Украина демонстрирует ещё более динамичный и нестабильный характер реформ. Страна неоднократно меняла избирательную систему — от мажоритарной к смешанной и обратно — при каждой волне политического кризиса. Эти изменения практически всегда определялись интересами политических элит, а не долгосрочной институциональной логикой. В условиях постоянной смены власти устойчивые механизмы общественного обсуждения и экспертного согласования часто отсутствовали, что делало реформы инструментом политической борьбы, а не стратегического развития[12].

В Кыргызстане парламентские и конституционные реформы также проводились преимущественно после очередной волны политической турбулентности. Референдумы стали привычным инструментом изменения политической системы, однако их использование нередко происходило в ускоренном порядке, без полноценного обсуждения или экспертной оценки. Это придало реформам импульсивный характер, при котором институциональная стабильность уступала место политической мобилизации[13].

В целом постсоветский опыт показывает, что реформирование парламентских систем в регионе редко строится на концепции институционального развития. Напротив, оно определяется текущими политическими обстоятельствами, конкуренцией элит и потребностью в разрешении кризисов. Это делает такие реформы менее предсказуемыми и менее устойчивыми по сравнению с европейской практикой.

Казахстанский опыт парламентских реформ заметно выделяется в сравнении с зарубежными практиками своей комплексностью, многоуровневостью и акцентом на общественную легитимацию. В отличие от многих стран, где реформирование политической системы происходит в рамках узкого диалога политических элит или под влиянием текущих политических обстоятельств, Казахстан выстроил модель, основанную на широком публичном обсуждении и предварительном консенсусе с обществом.

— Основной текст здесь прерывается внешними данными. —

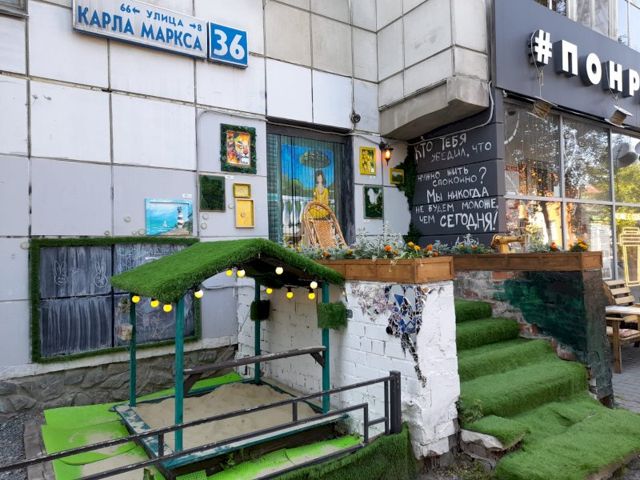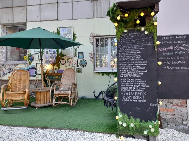 Год назад на улице Карла Маркса сложилась необычная коллаборация - кофейня «Понраву» и мастерская «Лоскутный домик». Творческие люди объединились, чтобы украсить арендуемое помещение не только внутри, но и снаружи. Вложили немалые деньги в обустройство придомовой территории: убрали окурки, мусор, постелили искусственный газон, поставили кресла-качалки и качели, испорченные стены с нецензурными граффити превратили в арт-пространство для уличных художников.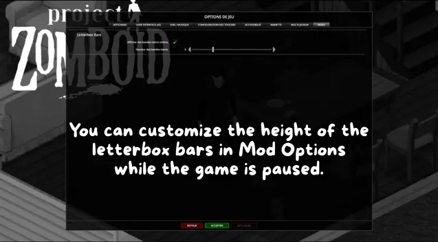 - Cinematic letterbox bars (you can custom in Mod Option while the game is paused)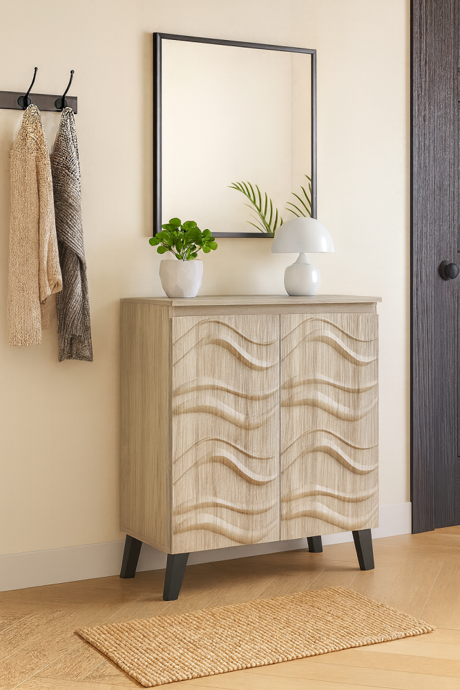 الجزامة المصنوعة من الخشب الماليزي الفاخر تجمع بين المتانة والأناقة، مع2باب أنيقة ومقابض معدنية. تحتوي على رفوف قابلة للتعديل لتخزين الأحذية بشكل منظم، وتناسب جميع أنماط الديكور.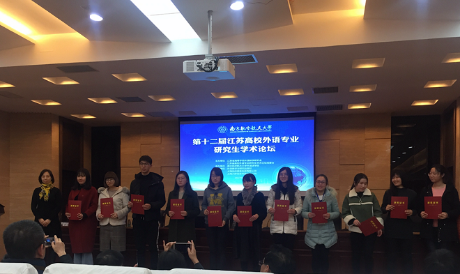 2017年12月8至10日,由江苏省高等公司外语教学研究会和江苏省高校外语专业研究生学术论坛组委会主办,南京航空航天大学william威廉中文官网承办的第十二届江苏高校外语专业研究生学术论坛在南京航空航天大学举行。省内高校160余名博士、硕士研究生及其领队教师汇聚一堂,公司16级研究生马小越、邱思佳、孙培培、王坤淼、谢婷婷、余婷婷、张芮和17级研究生潘婧在朱义华副经理的带领下参加了此次论坛。

Одним из ключевых элементов этой модели стало формирование площадок для национального диалога — сначала Национального совета общественного доверия (2019), а затем Национального курултая (2022). Эти институты были задуманы как механизм включения общественности и ведущих экспертов в процессы выработки государственных решений. Именно на этих площадках обсуждались подходы к обновлению политической системы, включая реформирование парламента, перераспределение полномочий и изменения в избирательной модели. Тем самым Казахстан создал межинституциональный формат, позволяющий учитывать мнения не только государственных органов, но и гражданского общества, экспертного сообщества, академических кругов и представителей регионов.

Особенностью казахстанского подхода стало и то, что обсуждение реформ проводилось до внесения соответствующих законопроектов. Такая последовательность — редкость в международной практике. Во многих странах общественное участие ограничивается стадией после появления законопроекта или вовсе отсутствует, предоставляя политическим элитам доминирующую роль в определении содержания реформ. В Казахстане же общественную дискуссию использовали как отправную точку, что позволило сформировать понимание приоритетов, выявить ожидания казахстанского общества и повысить доверие к будущим изменениям.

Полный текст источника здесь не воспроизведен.